ACTIVITY: If a line in the entries below contains "para", copy it.

------------

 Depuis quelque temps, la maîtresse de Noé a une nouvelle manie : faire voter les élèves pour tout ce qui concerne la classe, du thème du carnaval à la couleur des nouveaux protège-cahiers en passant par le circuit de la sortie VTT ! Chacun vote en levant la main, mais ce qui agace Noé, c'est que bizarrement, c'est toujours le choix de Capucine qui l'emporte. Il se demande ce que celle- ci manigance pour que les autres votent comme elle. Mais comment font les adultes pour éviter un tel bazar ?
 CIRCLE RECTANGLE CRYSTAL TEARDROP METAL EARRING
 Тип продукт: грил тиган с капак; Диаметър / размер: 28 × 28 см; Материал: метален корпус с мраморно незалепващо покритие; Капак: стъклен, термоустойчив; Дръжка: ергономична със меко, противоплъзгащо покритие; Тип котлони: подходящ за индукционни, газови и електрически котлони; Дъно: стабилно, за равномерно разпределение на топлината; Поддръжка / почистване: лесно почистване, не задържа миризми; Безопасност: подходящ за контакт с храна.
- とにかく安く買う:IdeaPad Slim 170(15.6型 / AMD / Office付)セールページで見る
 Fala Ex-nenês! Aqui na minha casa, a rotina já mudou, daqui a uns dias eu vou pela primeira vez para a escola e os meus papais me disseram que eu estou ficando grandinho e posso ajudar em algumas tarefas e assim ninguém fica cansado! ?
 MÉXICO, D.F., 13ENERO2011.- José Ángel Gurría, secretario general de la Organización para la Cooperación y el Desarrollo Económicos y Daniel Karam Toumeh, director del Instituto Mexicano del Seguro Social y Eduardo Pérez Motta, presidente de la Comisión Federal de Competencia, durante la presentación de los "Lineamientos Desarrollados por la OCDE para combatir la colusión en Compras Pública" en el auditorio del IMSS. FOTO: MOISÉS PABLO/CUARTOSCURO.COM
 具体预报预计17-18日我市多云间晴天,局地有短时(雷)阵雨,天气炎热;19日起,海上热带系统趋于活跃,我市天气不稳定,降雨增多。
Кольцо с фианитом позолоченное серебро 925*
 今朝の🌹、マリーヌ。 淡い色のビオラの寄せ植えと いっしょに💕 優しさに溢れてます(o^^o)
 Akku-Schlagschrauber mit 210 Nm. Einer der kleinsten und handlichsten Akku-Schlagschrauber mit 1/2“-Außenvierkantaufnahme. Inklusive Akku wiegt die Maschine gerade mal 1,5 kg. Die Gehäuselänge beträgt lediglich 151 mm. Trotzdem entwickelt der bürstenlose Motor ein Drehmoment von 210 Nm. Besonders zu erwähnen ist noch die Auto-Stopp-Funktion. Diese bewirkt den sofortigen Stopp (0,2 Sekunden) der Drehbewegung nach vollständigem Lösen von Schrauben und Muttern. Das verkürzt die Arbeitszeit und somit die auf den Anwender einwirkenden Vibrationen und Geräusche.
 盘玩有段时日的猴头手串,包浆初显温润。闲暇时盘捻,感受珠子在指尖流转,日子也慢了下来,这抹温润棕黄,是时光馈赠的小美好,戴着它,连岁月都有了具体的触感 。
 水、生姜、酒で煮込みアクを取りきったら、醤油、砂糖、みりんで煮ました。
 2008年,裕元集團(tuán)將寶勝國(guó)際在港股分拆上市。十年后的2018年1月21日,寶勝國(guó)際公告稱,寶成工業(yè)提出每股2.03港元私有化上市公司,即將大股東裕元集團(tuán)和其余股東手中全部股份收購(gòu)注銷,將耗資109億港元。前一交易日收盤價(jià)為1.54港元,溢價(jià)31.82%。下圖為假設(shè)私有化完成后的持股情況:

------------

ANSWER SECTION:
 Fala Ex-nenês! Aqui na minha casa, a rotina já mudou, daqui a uns dias eu vou pela primeira vez para a escola e os meus papais me disseram que eu estou ficando grandinho e posso ajudar em algumas tarefas e assim ninguém fica cansado! ?
 MÉXICO, D.F., 13ENERO2011.- José Ángel Gurría, secretario general de la Organización para la Cooperación y el Desarrollo Económicos y Daniel Karam Toumeh, director del Instituto Mexicano del Seguro Social y Eduardo Pérez Motta, presidente de la Comisión Federal de Competencia, durante la presentación de los "Lineamientos Desarrollados por la OCDE para combatir la colusión en Compras Pública" en el auditorio del IMSS. FOTO: MOISÉS PABLO/CUARTOSCURO.COM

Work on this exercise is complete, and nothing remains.